== Exercise aim ==
Pictures appear among the records below and must be omitted. Repeat exactly the lines from the line with "早餐后7点40分左右出发,游" to the line with "The first response", both included.
################
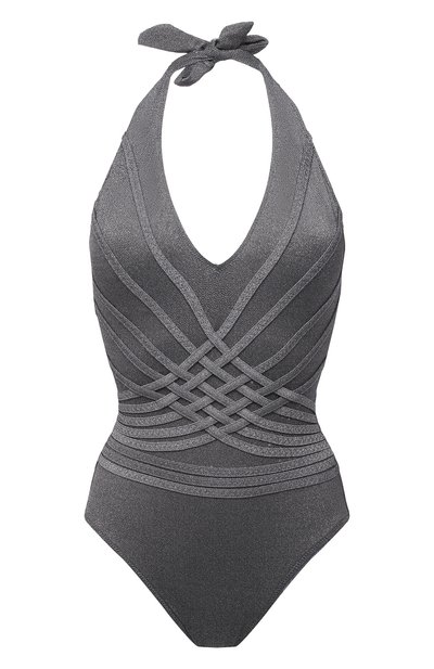 Серебристый слитный купальник визуально формирует отчетливый силуэт «песочные часы» благодаря узору из переплетенных лент. Мастера марки нашили их на мягкий эластичный материал, который плотно, но комфортно облегает фигуру и быстро сохнет. Завязки на шее помогут отрегулировать посадку.
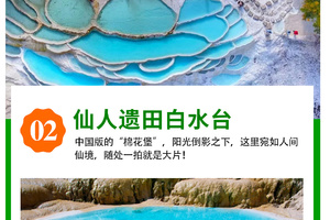 早餐后7点40分左右出发,游玩【白水台】,白水台远处看去,青山掩映中的白水台造型真的就像层层梯田,在阳光照耀下,又仿若摄影作品中凝固的瀑布一般。一脚踏在白色的石阶上,说不出的泌凉畅快。阳光倒影之下,这里宛如人间仙境,随处一拍就是大片!
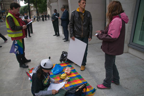 The first response of the security guards at the Ministry was to tell the press photographers present that they were not allowed to take photographs, which we didn't reagard at all seriously. After some short discussions, the protest continued on the wide pavement outside the Ministry with both security and police taking a sensibly relaxed attitude for the hour I was there.
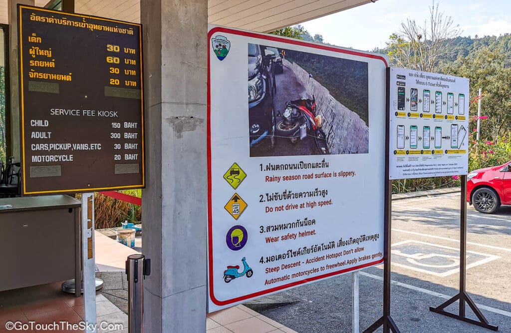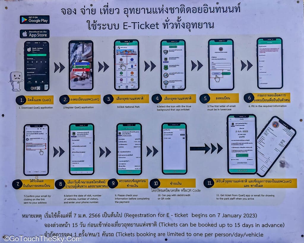 ปัจจุบันมีระบบการจองและซื้อบัตรผ่านเข้าอุทยานฯ แบบออนไลน์ผ่านแอพ QueQ ได้แล้ว สามารถสแกน QR code จากในแอพกับนายตรวจที่ด่านได้เลย สะดวกสบายกว่าการลงจากรถเพื่อไปเข้าคิวซื้อที่เค้าท์เตอร์จากเจ้าหน้าที่ โดยสามารถจอง-ซื้อล่วงหน้าได้ 15 วันก่อนเดินทาง (ด่านเปิด 05.00-17.30 น.)
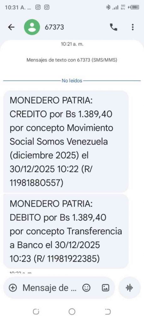 El beneficio corresponde al Movimiento Social Somos Venezuela, uno de los programas sociales vinculados al Sistema Patria. El monto asignado es de Bs 1.389,40, acreditado directamente en el monedero digital de cada beneficiario.
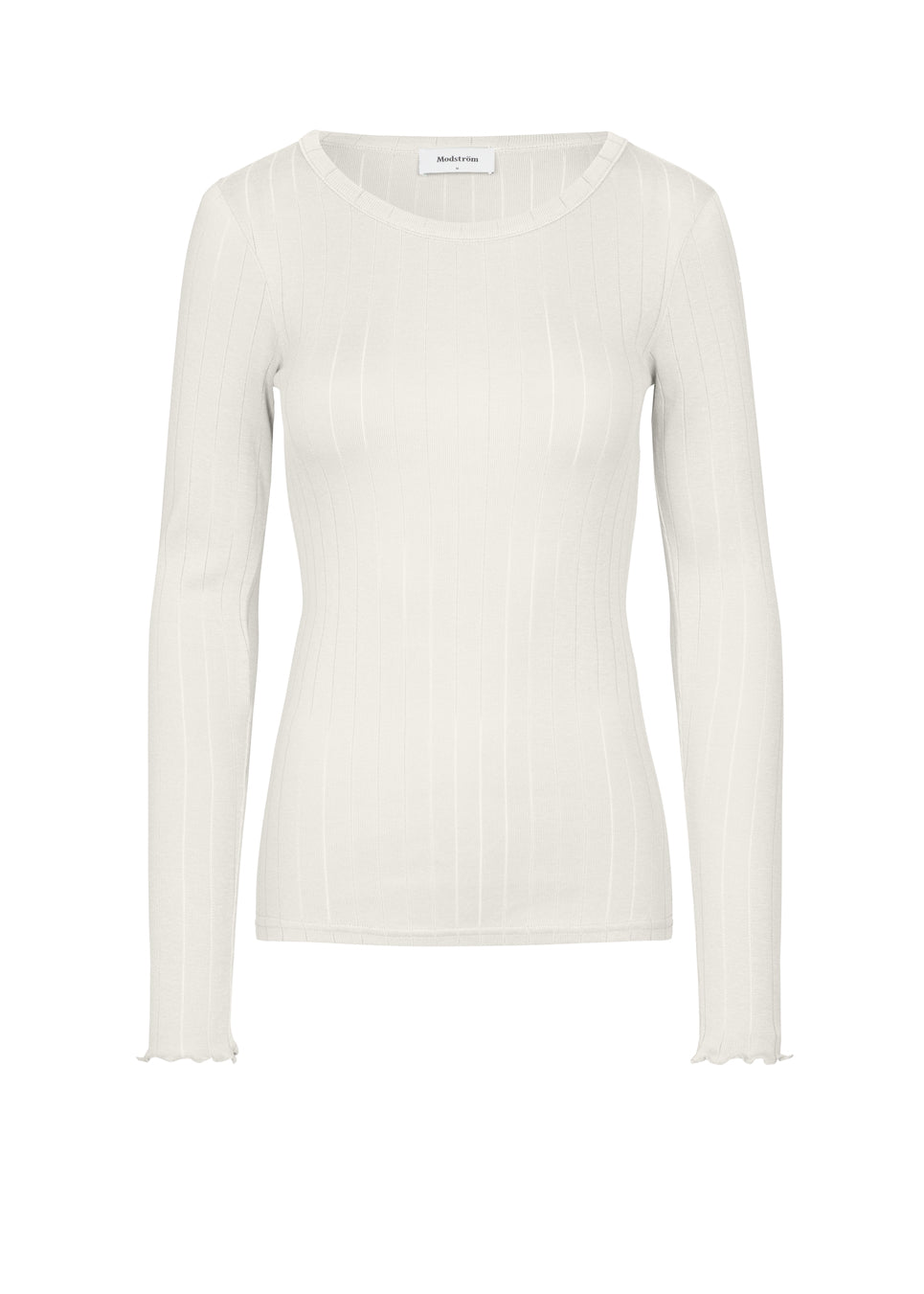 Issy bluse fra Modström er en skøn og virkelig behagelig basis bluse, som kan styles til mange ting. Den har hulmønster, fine flæsekanter og rund hals.
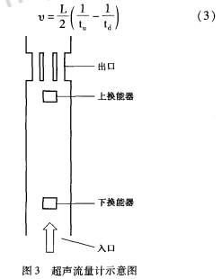 如圖3所示。設兩個換能器之間的距離為L,聲波的傳播速度為C,流體的速度為v,如果儀器靜止,則聲波向上傳播的時間為
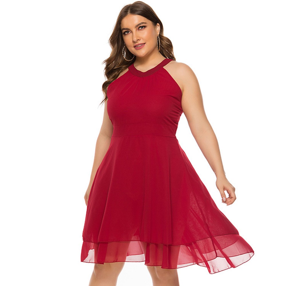 Fat mm large size women's dress hanging neck sleeveless chiffon dress skirt
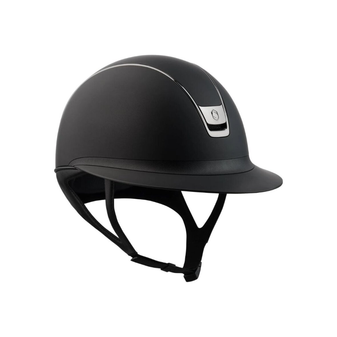 Smuk standard Miss Shield 2.0 samshield ridehjelm i sort shadowmatt med sort top og frontal bånd, trimmen er black chrome. Hjelmen er med den nye EN1384:2023 godkendelse. Miss Shield 2.0 ridehjelmen har en mere oval pasform som gør at den kommer længere ned på hoved og om nakken. Miss Shield 2.0 har også fået et opgraderet luftindtag foran, som giver enestående ventilation, samt ridehjelmen har ingen direkte tryk på panden, så man undgår sved og hovedpine.
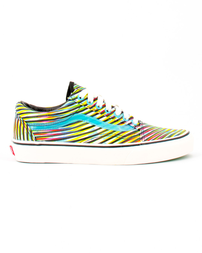 The Old Skool, the Vans classic skate shoe and first to bare the iconic sidestripe, is a low top lace-up featuring towel fabric, re-enforced toe caps to withstand repeated wear, padded collars for support and flexibility, and signature rubber waffle outsoles.
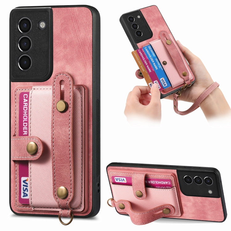 For Samsung Galaxy S21 5G Retro Cross Wristband Wallet Leather Back Phone Case(Pink)
################
== Answer space ==
 早餐后7点40分左右出发,游玩【白水台】,白水台远处看去,青山掩映中的白水台造型真的就像层层梯田,在阳光照耀下,又仿若摄影作品中凝固的瀑布一般。一脚踏在白色的石阶上,说不出的泌凉畅快。阳光倒影之下,这里宛如人间仙境,随处一拍就是大片!
 The first response of the security guards at the Ministry was to tell the press photographers present that they were not allowed to take photographs, which we didn't reagard at all seriously. After some short discussions, the protest continued on the wide pavement outside the Ministry with both security and police taking a sensibly relaxed attitude for the hour I was there.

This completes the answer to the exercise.